No.76


【気象現象】大雨の種類とその規模

大雨と呼ばれる現象はどういったモノなのか

 最近よく聞く気象異常という言葉。その最たるものが「記録的猛暑」と「ゲリラ豪雨」、そして「記録的降水量」ではないだろうか。

 はたして記録的な降水量とはどれ程のものなのか。ちょっと調べてみた。ついでに雨に関しての呼び方もいろいろあって解り辛いことこの上ないので簡単に整理した。

※参考
Wikipedia 集中豪雨
気象庁 用語解説
気象庁 歴代全国ランキング


呼び名について

 短時間に局所で大雨を降らす現象は、よく聞く「ゲリラ豪雨」は正式名称ではない。正確には「局地的大雨」と呼ぶのが正しい。気象庁の定義は下記の通り。

 急に強く降り、数十分の短時間に狭い範囲に数十mm程度の雨量をもたらす雨。「局地的な大雨」とも言う。  
 単独の積乱雲が発達することによって起き、大雨や洪水の注意報・警報が発表される気象状態でなくても、急な強い雨のため河川や水路等が短時間に増水する等、急激な状況変化により重大な事故を引き起こすことがある。

 長時間にわたって大雨が降り続く現象は、よく聞く「集中豪雨」であっている。気象庁の定義は下記の通り。

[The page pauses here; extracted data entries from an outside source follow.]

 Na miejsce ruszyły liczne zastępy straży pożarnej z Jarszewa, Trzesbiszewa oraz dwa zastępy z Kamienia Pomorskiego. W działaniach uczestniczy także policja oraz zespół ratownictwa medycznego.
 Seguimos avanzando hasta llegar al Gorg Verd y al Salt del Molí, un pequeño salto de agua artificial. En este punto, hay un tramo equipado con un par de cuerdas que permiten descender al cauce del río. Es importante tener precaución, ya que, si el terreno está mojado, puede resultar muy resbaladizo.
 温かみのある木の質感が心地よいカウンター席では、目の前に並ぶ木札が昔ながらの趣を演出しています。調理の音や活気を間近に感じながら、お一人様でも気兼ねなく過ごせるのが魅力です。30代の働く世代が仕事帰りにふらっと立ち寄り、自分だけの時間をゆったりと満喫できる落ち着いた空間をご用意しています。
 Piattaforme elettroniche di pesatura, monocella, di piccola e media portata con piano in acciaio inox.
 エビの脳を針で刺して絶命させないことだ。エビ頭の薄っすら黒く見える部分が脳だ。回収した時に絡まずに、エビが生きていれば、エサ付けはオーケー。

 同じような場所で数時間にわたり強く降り、100mmから数百mmの雨量をもたらす雨。  
 積乱雲が同じ場所で次々と発生・発達を繰り返すことにより起き、重大な土砂災害や家屋浸水等の災害を引き起こす。

局地的大雨の雨量

 局地的大雨の雨量は気象庁が提供している「歴代全国ランキング」の「最大10分間降水量」が参考になる。1~3位までを抜粋させていただく。

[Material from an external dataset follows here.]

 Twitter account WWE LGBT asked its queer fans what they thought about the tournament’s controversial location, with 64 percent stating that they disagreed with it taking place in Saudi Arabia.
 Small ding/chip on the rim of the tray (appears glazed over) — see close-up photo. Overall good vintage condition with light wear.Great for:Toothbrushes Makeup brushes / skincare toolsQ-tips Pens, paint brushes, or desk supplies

順位 場所 年月日 10分あたりの降水量 1時間換算の降水量
1 新潟県室谷 2011/7/26 50.0mm 300mm
2 高知県清水 1946/9/13 49.0mm 294mm
3 宮城県石巻 1983/7/24 40.5mm 243mm

 局地的大雨は山間部や海岸沿い、都市部など様々な所で発生している。つい「ゲリラ豪雨」と聞くと都市部を想像してしまうが、実際にはそんなことはないのがよくわかる。(1位の新潟県室谷は山間、2位の高知県清水は岬)
 また、東京などの発達した都市部は局地的大雨が多いように思われるが、この表のトップ20に関東は神奈川県横浜市が一件しかランクインしていない。意外だ。

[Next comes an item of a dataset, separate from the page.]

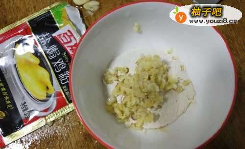2把姜和蒜剁碎,再洗好一个小碗,把盐焗鸡料倒到小碗中 ,把切碎的姜和蒜也放进去 。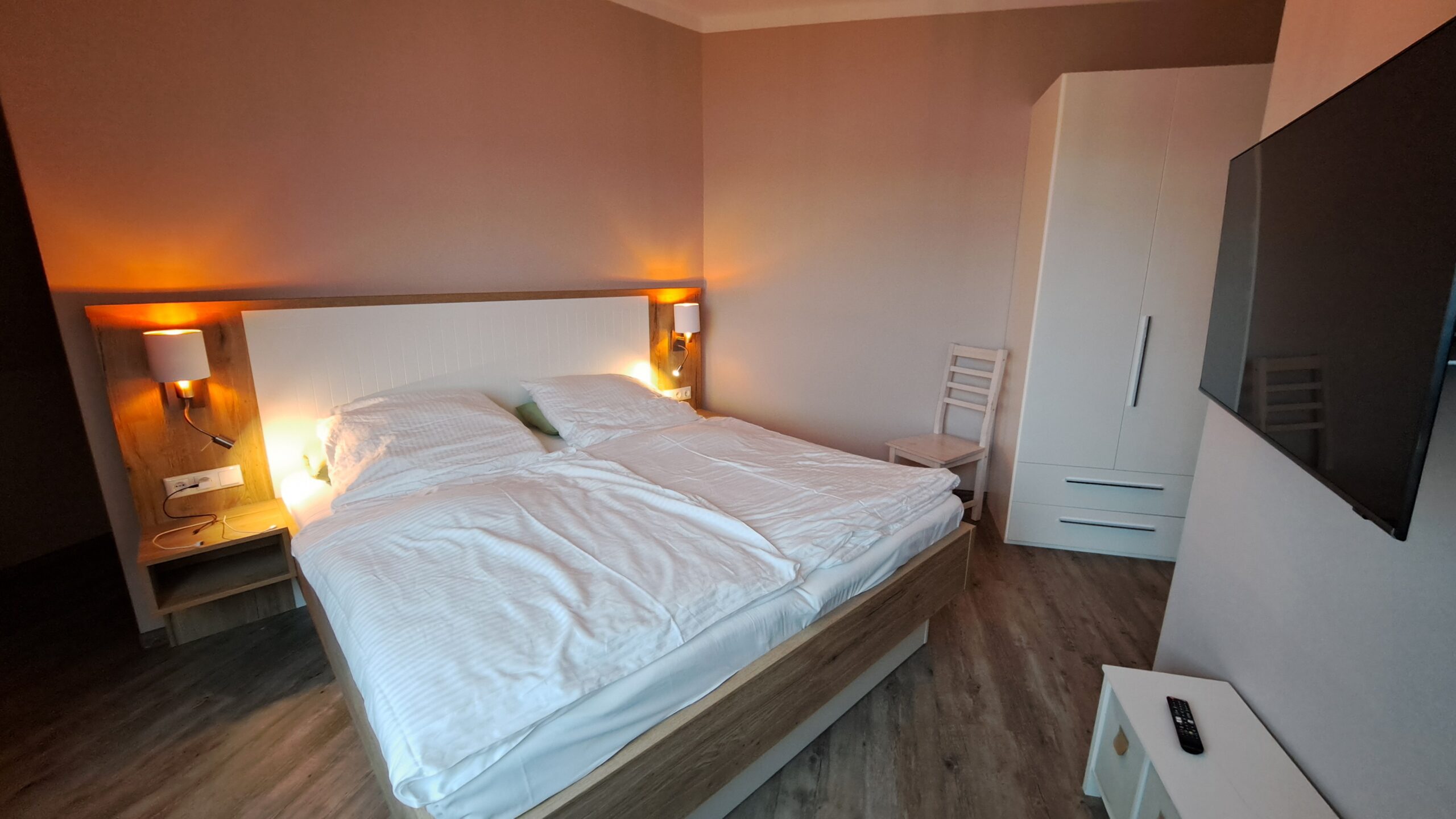 Schlafzimmer mit Doppelbett und Flat TV, Betten in 2,00 x 1,80 Meter, Schlafzimmerschrank

 この一位の記録、1時間あたり300mmの降水量を再現できる施設が防災科学技術研究所の大型降雨実験施設だ。

防災科学技術研究所 大型降雨実験施設

 その圧倒的な雨量は下記の映像からご覧頂ける。

防災科学技術研究所 大型降雨実験施設で1時間あたり300mmの豪雨を体験

 なお、10分あたりの降水量は主にその場に発生した積乱雲によってもたらされるものであり、その場の直上空間に含まれる水分が全部雨になったと仮定した「可降水量」という数値が限界になると考えられる。
 日本での可降水量は概ね最大50mmになることが研究により明らかになっているので、10分間50mmという記録はほぼ上限の数値なのだと思われる。

Wikipedia 可降水量
日本におけるGPS可降水量の季節変化の特徴 ※p.6,7
国土地理院GPS観測網から推定された可降水量 ※p.24


集中豪雨の雨量

 集中豪雨の雨量も気象庁が提供している「歴代全国ランキング」の「最大1時間降水量」が参考になる。1~3位までを抜粋させていただく。

順位 場所 年月日 1時間あたりの降水量 1日換算の降水量
1 千葉県香取 1999/10/27 153mm 3,672mm
1 長崎県長浦谷 1982/7/23 153mm 3,672mm
3 沖縄県多良間 1988/4/28 152mm 3,648mm

 …3.6mとかもう感覚的に想像すら出来ないレベルだ。6時間で深さ90cmのプールが満水になる雨量、と言い直してみてもピンとこない…

 1位を記録した千葉県香取市は何の変哲もない平野のようだが

千葉県香取市地図

 猛烈な低気圧の直撃を受けてこのとんでもない記録を打ち立てた。

デジタル台風:最大1時間降水量 香取(千葉)153ミリ - 過去の天気図

 なお、2位の長崎県長浦谷の記録は「昭和57年7月豪雨」と命名されるほどの被害をもたらした大雨によって記録された。

昭和57年7月豪雨

※「日降水量」も参考になるかもと考えたのだが、気象庁の定義が「数時間」からなので「1時間降水量」の方を使用した。